The role of the data scientist is one of the most coveted jobs today. On LinkedIn, there are listings for over 52,000 companies looking for a person with these skills right now, with the majority (70%) listed as mid-senior level positions. Mashable called the role of the data scientist the hottest profession in 2015. And in a Harvard Business Review article, Babson College professor Tom Davenport called this position the sexiest job of the 21st century.
To find out more about this role and how it’s evolving with the onslaught of Internet of Things (IoT) data Professor Davenport, a fellow at MIT Center for Digital Business and a senior advisor to Deloitte Analytics, shared some insights into what makes the data scientist so critical today.
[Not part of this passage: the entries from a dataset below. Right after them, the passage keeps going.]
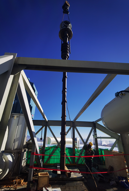 经过一年多时间的研究与试验,国产冷盐泵样机于2021年12月底安装于青海中控德令哈50MW光热电站冷盐罐上方熔盐平台上。国产冷盐泵样机的主要技术参数如下:流量为1155m³/h,扬程为339m,液下深度为15m,电机功率3250kW。与原有两台进口冷盐泵(一用一备的配置)的出口并联,共同为德令哈50MW项目电站的正常运行保驾护航。
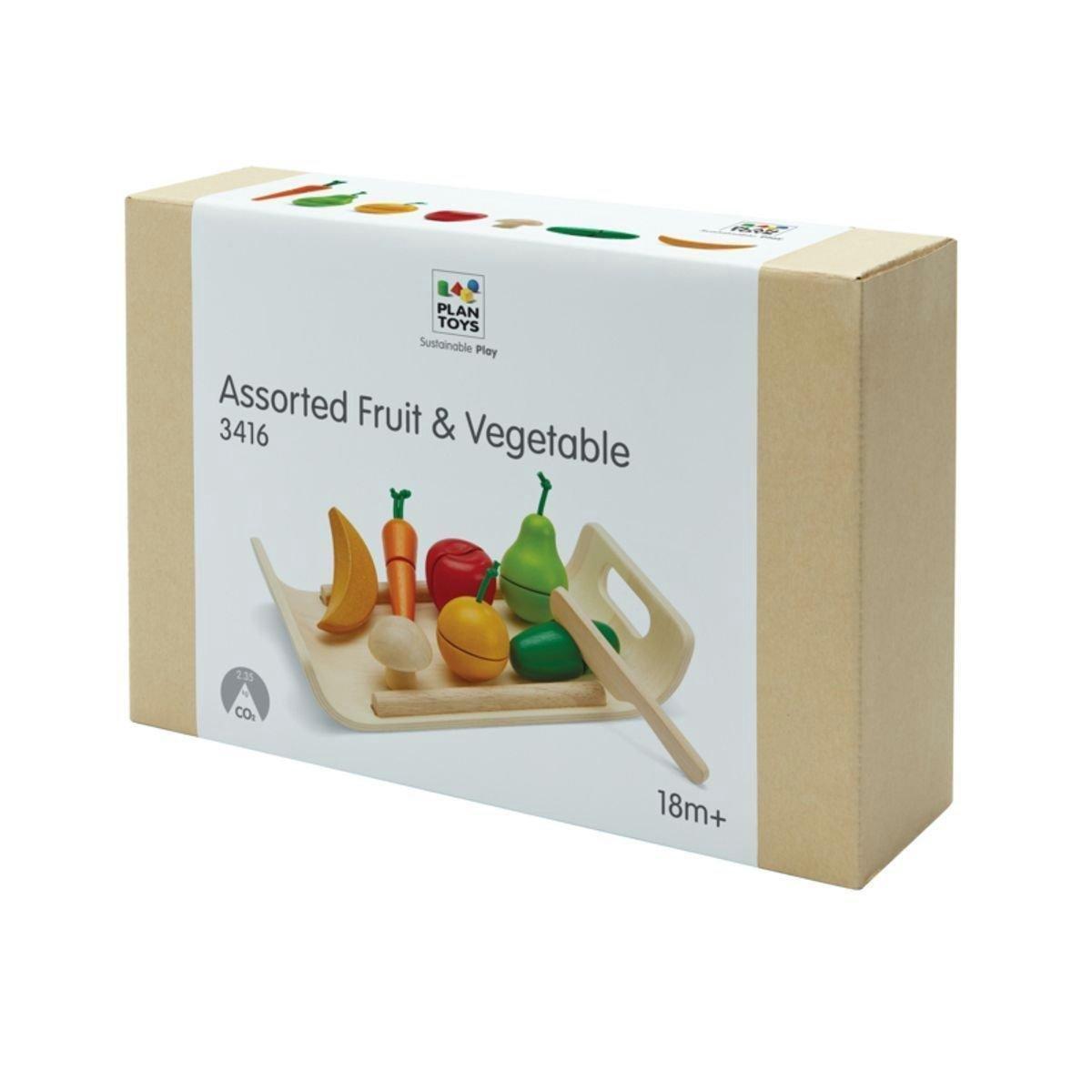The Assorted Fruits & Vegetables set includes an apple, a pear, an orange, a banana, a cucumber, a mushroom, a carrot, a knife, and a tray.
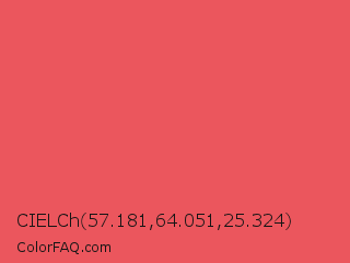 CIELCh 57.181,64.051,25.324 Color is a light red color and the nearest color is Mandy #e25465. Hex code #eb565d and RGB value is rgb(235,86,93). In RGB color space, this color is composed of 92% red, 34% green, 36% blue, In CMYK color space, this color is composed of 0% cyan, 63% magenta, 60% yellow , 8% black , In HSL color space, this color has a hue angle of 357° , 79% saturation and 63% lightness.
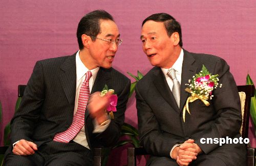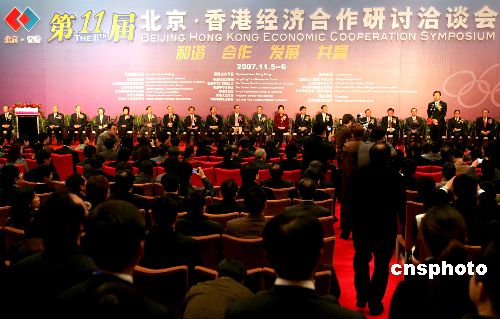 11月5日,第11屆北京·香港經(jīng)濟合作研討洽談會在北京舉行。北京市市長王岐山與香港政務(wù)司司長唐英年出席開幕式。中新社發(fā) 張宇 攝
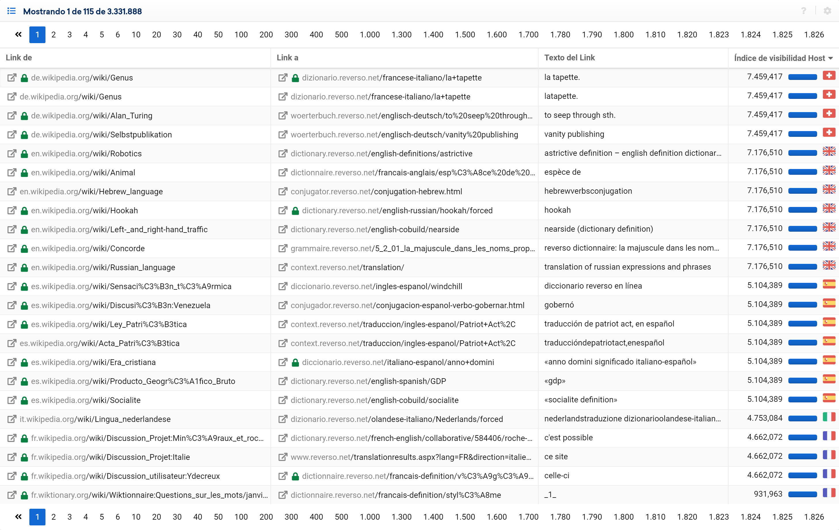 En un análisis detallado se pueden mostrar los backlinks concretos de una URL que pueda dar un vínculo, por ejemplo: www.domain.com/topic-x/, y se pueden evaluar una multitud de métricas de vínculos adicionales.

“It’s difficult to define a data scientist in day-to-day practice. Early on, there was a fairly clear distinction between the traditional quantitative analyst and a data scientist, but less so now,” says Davenport. “The traditional quantitative analysts had a primary focus of taking structured data and performing statistical analysis on that. It was a very creative and experimental kind of job in those early days.”
Today’s data scientists must not only have quantitative analysis skills, but they must also deal with difficult and unstructured data formats that play a key part in the predicative nature of data science. Davenport notes that early on, the process of converting unstructured data into structured data was difficult and time consuming, but technology is making this easier today. “There are new approaches to data analysis and data management that are more automated,” says Davenport. “Data scientists can now use things like machine learning that can generate models in a somewhat automated fashion.”
However, working with the volumes of data in the IoT space is still a challenge and requires strong data skills. For instance, there are typically many different types of IoT sensors within one single product, and they all gather and store data in different formats. “If you want to analyze all the data from a car, for example,” says Davenport, “you may be looking at more than 200 different sensors. The great majority of them – most likely 95% or more – have different data formats in which they store and format the data.”
This is where hardcore data science skills come in, says Davenport. “A data scientist needs to take all those diverse formats, pull them together, integrate them with other types of data, and analyze them in a way that makes the data useful.” From there, data scientists can provide insights that enable people to understand how a product performs under different conditions. They can see the likelihood and timing of needed maintenance, and identify design faults that may make a product break down frequently.
Another factor that comes into play when thinking of the role of a data scientist is the need for industry expertise in highly specialized segments. “A specific sensor application could be very detailed and idiosyncratic, which is where specific business insight is needed,” say Davenport. In cases like this, there may be a need for a data scientist to have other expertise specific to a certain industry or product. For instance, in the manufacturing of a unique part, it may be important for a data scientist to understand material science. That expertise may be critical in ensuring that the right sensors are made and the right data is collected for the anticipated analysis.
So how can data scientists best be utilized in an organization? Davenport suggests that they collectively work together with engineers to understand how the data generated from products will be used. When done properly, this actually enhances the job of analyzing the data and makes it easier. “I would also recommend giving data scientists full access to the engineering problems,” Davenport says, “and make them a member of your team. After all, engineers today no longer just develop products – they are in a much more expanded role. They are developing data- and analytics-based services that accompany that product and help the customer use it more effectively.”
Davenport also recommends that the data scientists have good relationships with the business people who are in the application domain. This helps them get full access to the business problem that’s involved. “Once they understand what the organization is trying to accomplish,” says Davenport, “it’s much easier to solve problems and present ideas.”
With the high demand and specific suite of skills needed, it’s no wonder that this is a function that is in high demand. “When you add highly specific knowledge together with the requisite ability to manage, integrate, and analyze data,” Davenport says, “it’s a tough combination. Add in the ability to be a team player and communicate what it’s all about to managers who need to make decisions, and it’s an even tougher combination.”